_ACTIVITY:_ Look through the data and write out every line with the word "выделения" in it.

○ ○ ○ ○ ○ ○ ○

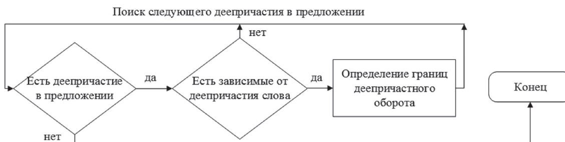
Рис. 3. Блок-схема алгоритма автоматического выделения интонации пояснения в деепричастных оборотах

Для выделения деепричастных оборотов используется аналогичный алгоритм, отличающийся нечувствительностью к местоположению деепричастия к определяемому слову. Блок-схема алгоритма выделения деепричастного оборота представлена на рис. 3.
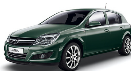
▲ Myth Green
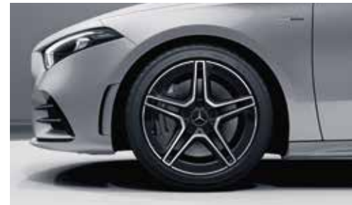
▲ Jantes alliage AMG de 45,7 cm (18") à 5 doubles branches
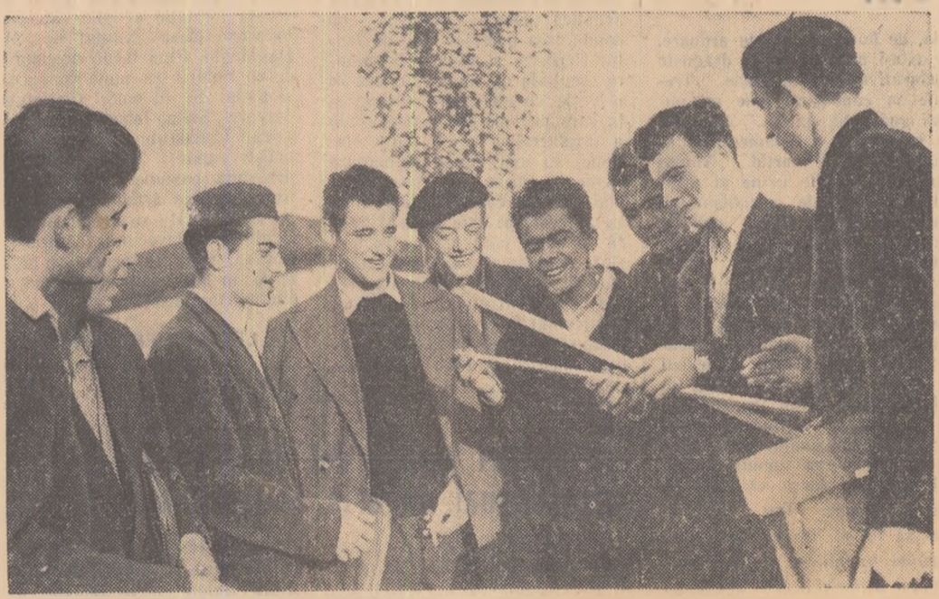
Calitatea baghetelor destinate viitoarelor planșe a stîrnit vil discuții. Fiecare din muncitorii siderurgisti-elevi în clasa a VIII-a curs seral a liceului „Matei Corvin” din Hunedoara — este exigent
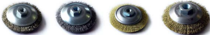
①BE-080 ワイヤー ②BE=080 ステンレス③BE-080 真鍮 ④BE-126 ワイヤー
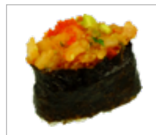
Gunkan Thunfisch Anzahl: .....
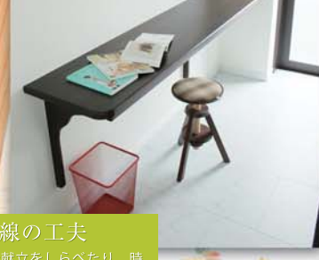
動線の工夫 パソコンで献立をしらべたり、時には、アイロンがけなど日頃の家事をしやすくなる空間。
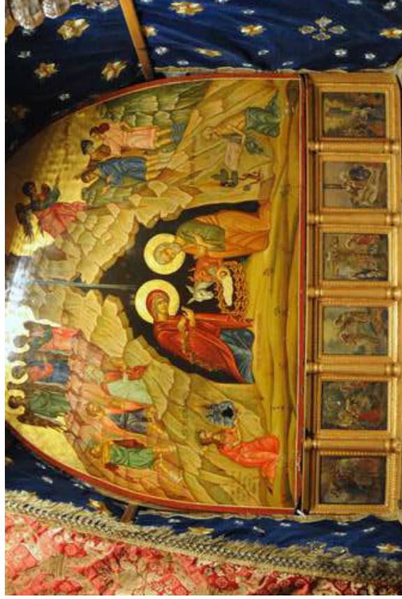
Retable au-dessus de l'endroit où Jésus est né.

Or, pendant qu'ils étaient là, le temps où elle devait enfanter s'accomplit, et elle mit au monde son fils premier-né, l'emballota et le coucha dans une crèche, parce qu'il n'y avait pas de place pour eux dans l'hôtellerie (Lc 2, 6-7).
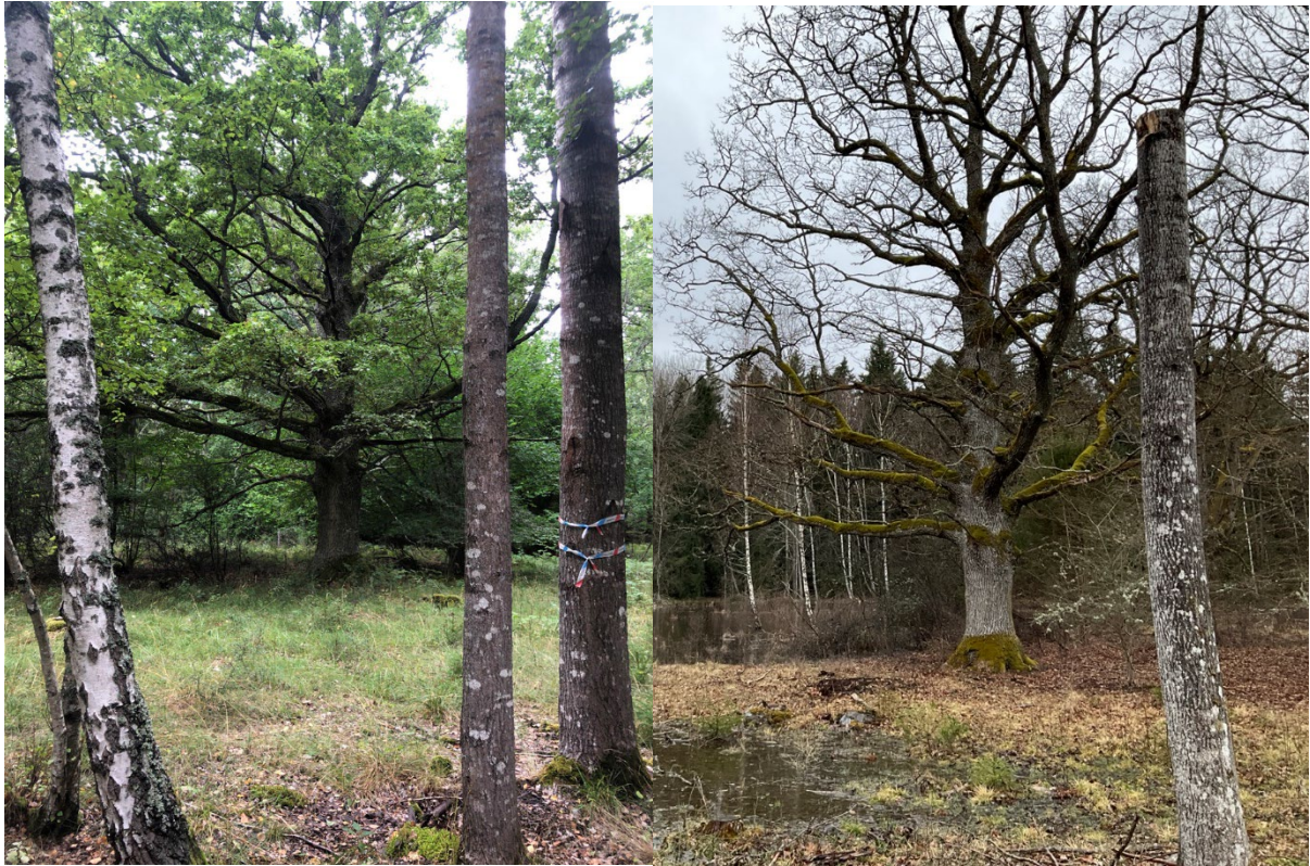
Ek före röjning

○ ○ ○ ○ ○ ○ ○

_EXPECTED OUTPUT:_
Рис. 3. Блок-схема алгоритма автоматического выделения интонации пояснения в деепричастных оборотах
Для выделения деепричастных оборотов используется аналогичный алгоритм, отличающийся нечувствительностью к местоположению деепричастия к определяемому слову. Блок-схема алгоритма выделения деепричастного оборота представлена на рис. 3.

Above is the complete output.